BackforGood · 10/04/2021 18:44

When does dry become dryer and when does dry become drier ?

As in tumble..... or as in less wet....

Is it the same rule for Fly and Flyer / flier ?

as in someone who does a lot of travel by plan or a leaflet advertising an event .....

OP posts:
AskingQuestionsAllTheTime · 12/04/2021 17:57

They used to be interchangeable, but at the point at which a drying machine became a dryer, that changed: drier is the adjective, more dry, dryer is a noun.

So a dryer makes your clothes drier.

I think that in the US a flier is one who flies or something which flies, and a flyer is the bit of paper you get handed, but I don't think that rule applies in the UK.

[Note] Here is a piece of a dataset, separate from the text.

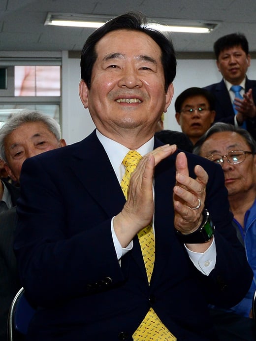 | 4·13총선 출구조사 결과 오세훈 새누리당 후보를 따돌리고 크게 앞선 정세균 더불어민주당 후보가 13일 오후 자신의 선거사무소에서 선거방송을 보며 환하게 웃고 있다. /사진=뉴스1 |

BackforGood · 12/04/2021 20:51

Thanks for your answer

........ though I'm still not 100% sure which to use, where Blush

OP posts:
SwedishEdith · 12/04/2021 20:56

I often notice tumble drier on here and wonder why. I've never seen hairdrier so wonder where it has come from.

AskingQuestionsAllTheTime · 12/04/2021 21:25

@BackforGood

Thanks for your answer

........ though I'm still not 100% sure which to use, where Blush

If you could put "a" or "the" in front of it, then it is a dryer; if you couldn't then it is drier? That might be a way to remember it, I suppose.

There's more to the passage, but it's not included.